Yoo became a lightning rod for critics of the Bush administration because of his work as head of the Department of Justice’s Office of Legal Counsel, including his authorship of memos supporting “enhanced interrogation techniques,” which some describe as torture, in order to obtain information from terrorism suspects.

     The “hero” of his book, Yoo explained yesterday, is Abraham Lincoln, whom he contrasted with his predecessor, James Buchanan. He concurred with historians, who in polls consistently rate Lincoln as among the very best presidents and Buchanan among the very worst.
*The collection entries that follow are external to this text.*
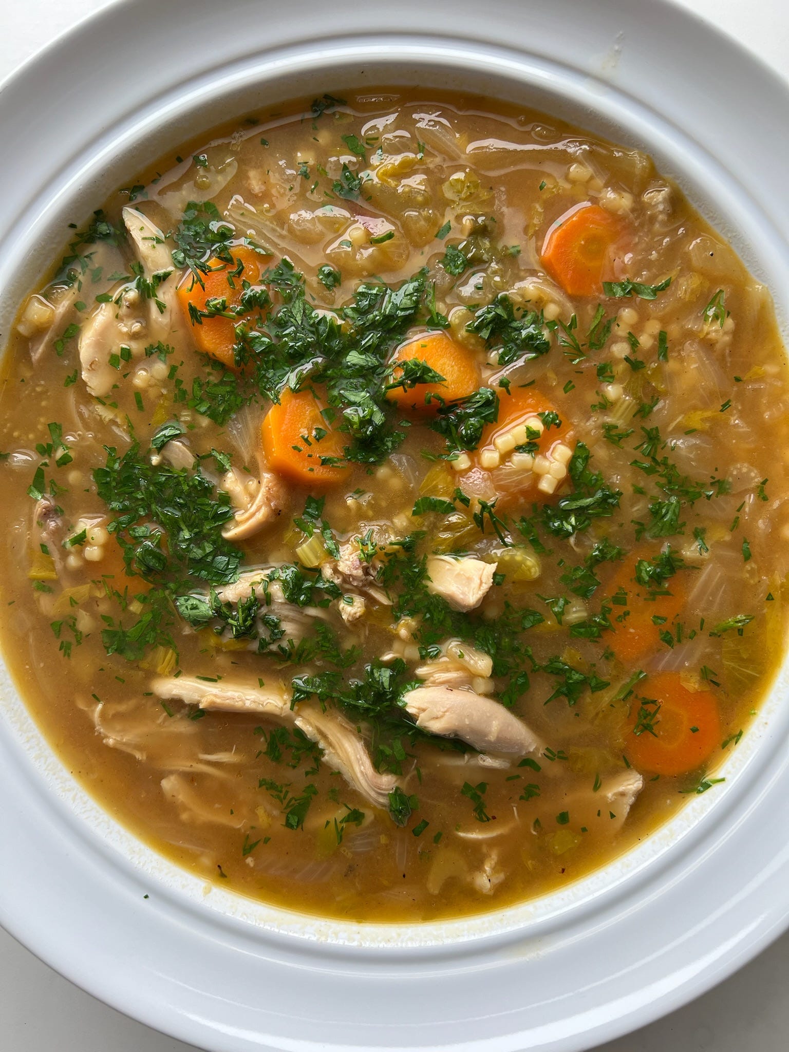 Fresh ginger & turmeric - I add extra turmeric and ginger to soup during cold season to ward off any bugs. Blend a 1” knob of fresh turmeric and fresh ginger with 1 cup of broth, then return it to the pot. Instant cold remedy.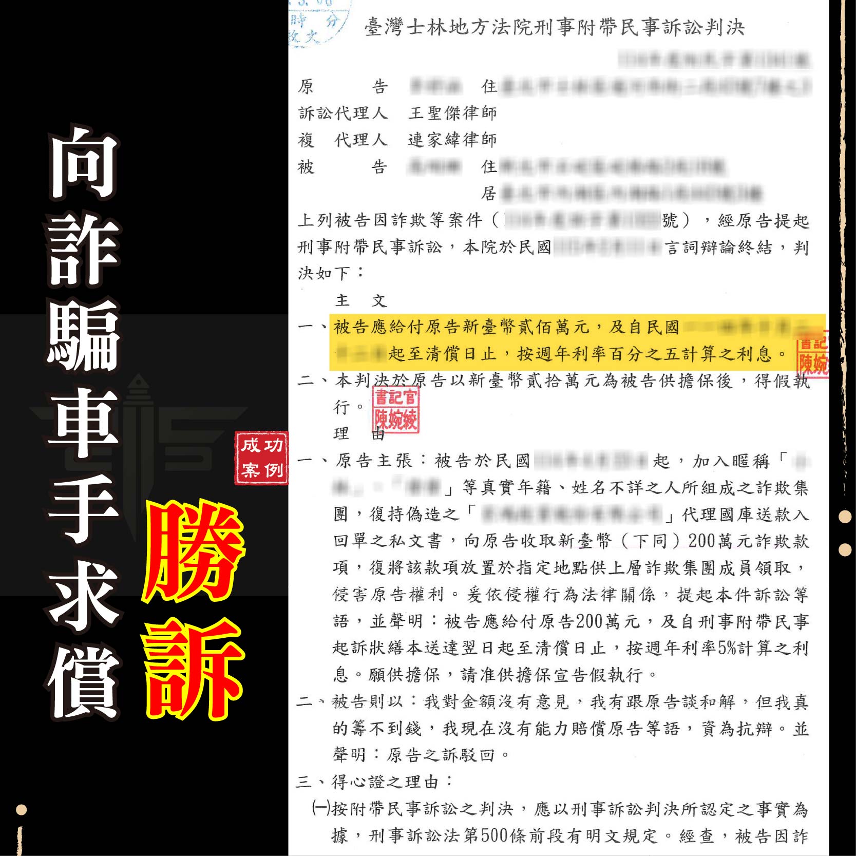 ➙這份判決的重大意義在於,它不僅僅是紙上勝利。謙聖律師團更成功地為當事人爭取到極為有利的「假執行」條件。依據最新的《詐欺犯罪危害防制條例》第 54 條,詐欺案被害人聲請假執行的擔保金,不得高於請求金額的十分之一。這意味著,Ms. A 僅需拿出 20 萬元作為擔保,就可以立刻聲請法院強制查封、拍賣車手 Ms. B 名下的財產,有效防止對方脫產,確保最終能拿回賠償。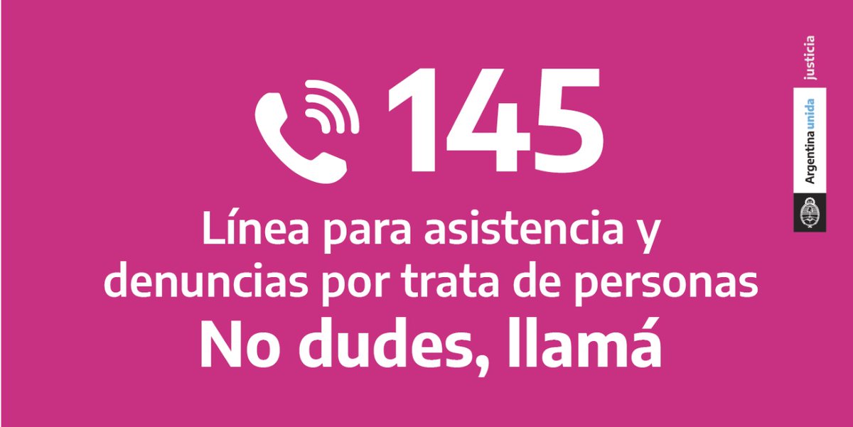 Y recordamos que el estado nacional cuenta con la línea 145 de asistencia y denuncia sobre trata de personas y la línea 137 contra la Explotación Sexual Contra Niñas, Niños y Adolescentes. Funcionan las 24 horas los 365 días del año

Yoo noted that Lincoln was willing to suspend habeas corpus in order to win the Civil War, and took the monumental step of issuing the Emancipation Proclamation, asserting that as commander-in-chief of the armed forces, he could end slavery in areas in rebellion against the United States, notwithstanding the Supreme Court’s Dred Scott decision upholding slavery and asserting that slaves were property and had no legal rights.

Buchanan, Yoo noted, felt that secession was unconstitutional but believed that as president he was powerless to stop it.

In a question-and-answer session following his talk, Yoo had a civil, but somewhat pointed exchange, with Stephen Rohde, a Century City attorney and civil liberties advocate. Rohde questioned Yoo about a 2005 debate in which Yoo declined to state that “crushing the testicles of the detainee’s child” would necessarily violate the Constitution or an act of Congress.

Yoo said the comment was taken out of context. He explained that he had gone on to state in that debate that the issue was “completely hypothetical” and that he also said he could not foresee circumstances in which it would be “necessary or appropriate” to take such action.

He added that Congress would always have the power to check the use of such techniques, or of any presidential action it sees as an overreaching exercise of power, since Congress controls the federal purse strings, in addition to having the powers both of legislation and impeachment.